Content area
Security patch documentation is a critical yet time-consuming aspect of secure software development. This thesis investigates the use of generative AI models to automate the generation of SECOM-compliant commit messages directly from code diffs. Two prompting strategies are evaluated: a zero-shot baseline, where messages are generated from raw Git diffs without examples, and a few-shot approach, where structured exemplars guide the model via in-context learning.
In a large-scale benchmark of 500 real-world security patches, zero-shot prompting achieved a SECOMLint structural compliance rate of 33%, surpassing the 6.8% compliance rate of original human-written messages, a relative improvement of +383%. However, metadata accuracy remained low, highlighting the limitations of unguided generation. A targeted evaluation of fewshot prompting across 215 entries drawn from five CWE categories revealed substantial relative gains: format compliance increased by 11.84%, metadata accuracy by 34.08%, and CVSS exact match rate by 177.57%, while severity estimation error (MAE) decreased by 15.72%.
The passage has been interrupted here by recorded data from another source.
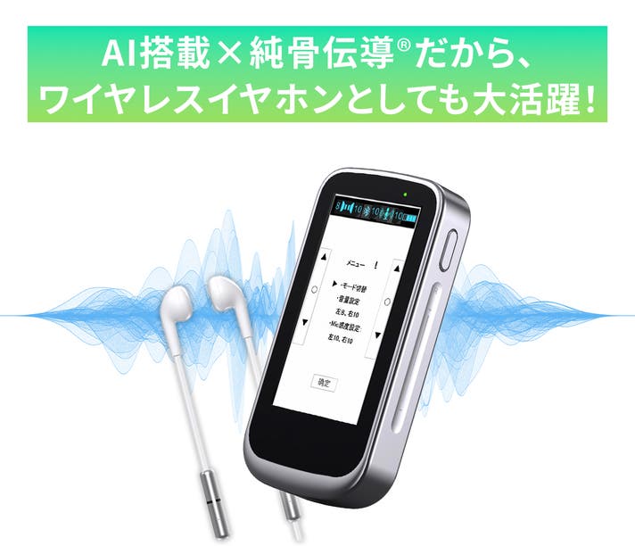 AIによるノイズ抑制を搭載した純骨伝導®️技術を採用しているため、集音器としてだけでなく、ワイヤレスイヤホンとしても快適にお使いいただけます。
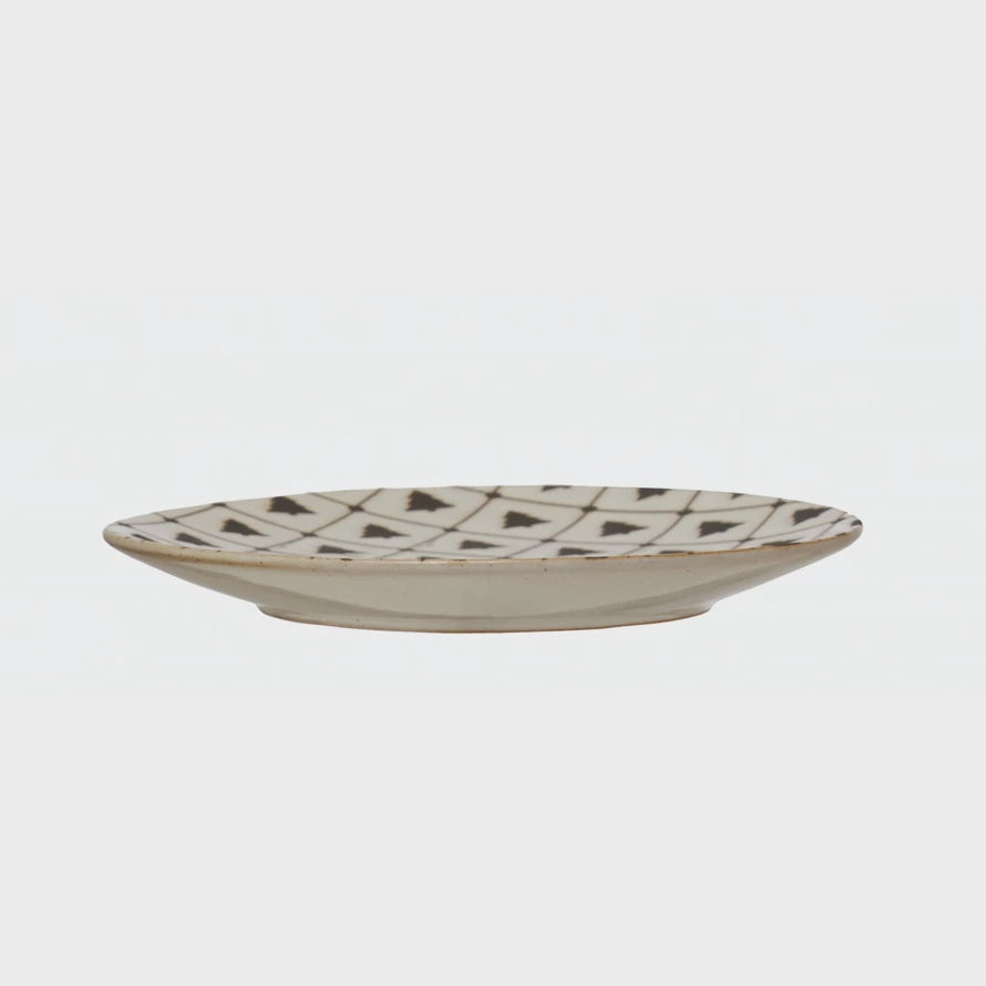 Stoneware Plate with Tree Pattern, Reactive Glaze, White and Black
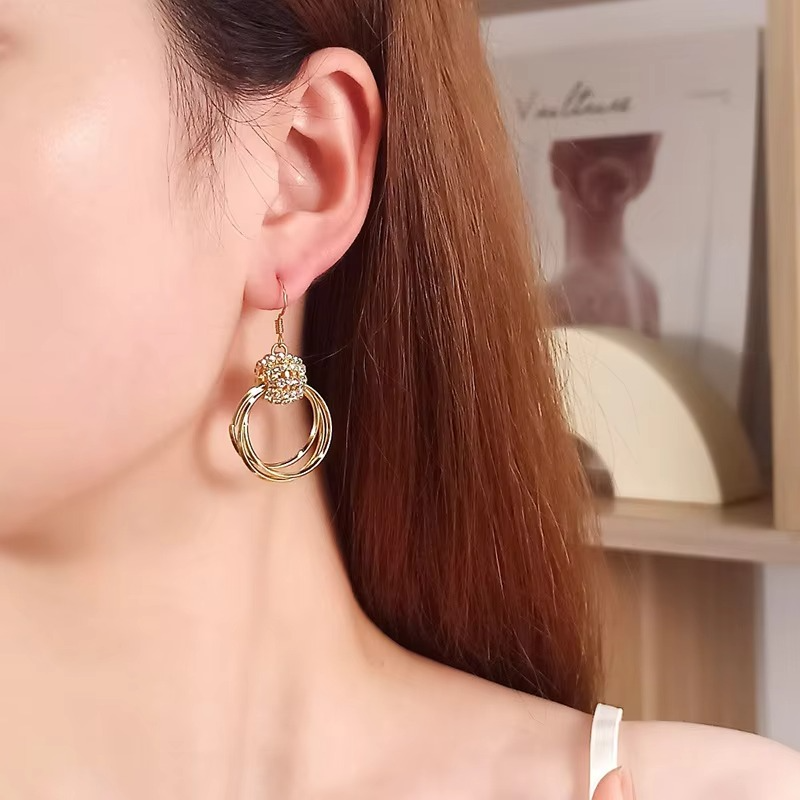 Elegant Crystal Ring Drop Earrings ঠিক তেমনই—সফট শাইন, রোজ গোল্ড ফিনিশ আর প্রিমিয়াম লুকের পারফেক্ট কম্বিনেশন।
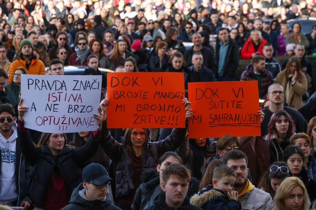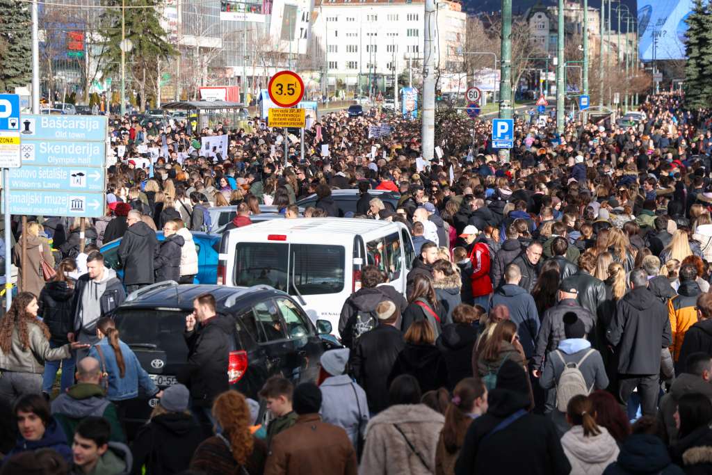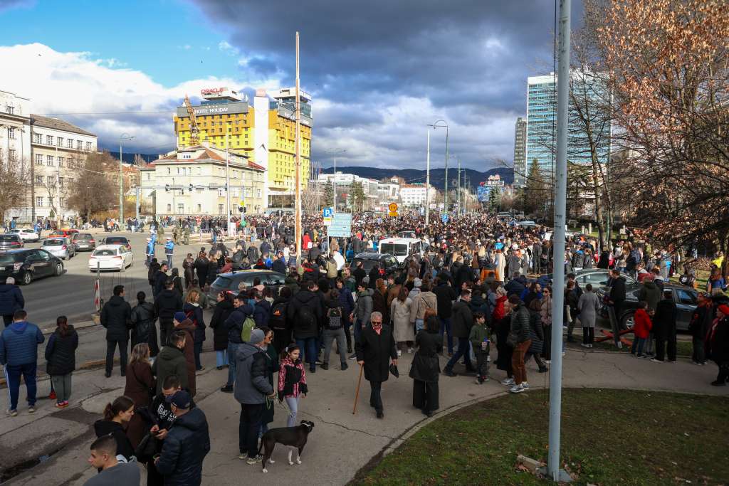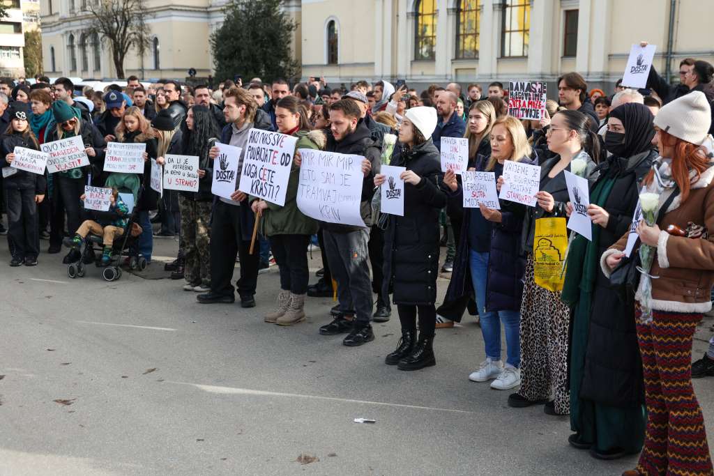 SARAJEVO, 14. februara (FENA) - U Sarajevu je u blizini Zemaljskog muzeja održan protest građana zbog tramvajske nesreće koja se dogodila 12. februara na jednoj od prometnijih saobraćajnih raskrsnica kada je tramvaj iskočio iz šina usljed čega je na licu mjesta poginuo student Erdoan Morankić iz Brčkog, koji je bio na stanici.

The results demonstrate that few-shot prompting significantly enhances both structural and semantic fidelity, especially for well-represented vulnerability classes. However, performance remains sensitive to data scarcity and semantic complexity, as shown in the underperformance for CWE-918. In addition to contributing a replicable prompting framework and validation pipeline, this work introduces a vision for SECOMLint as a model-assisted documentation tool. The findings highlight the promise and boundaries of using large language models to support structured security documentation and lay the foundation for future tooling that reduces the manual burden of writing security-aware commit messages.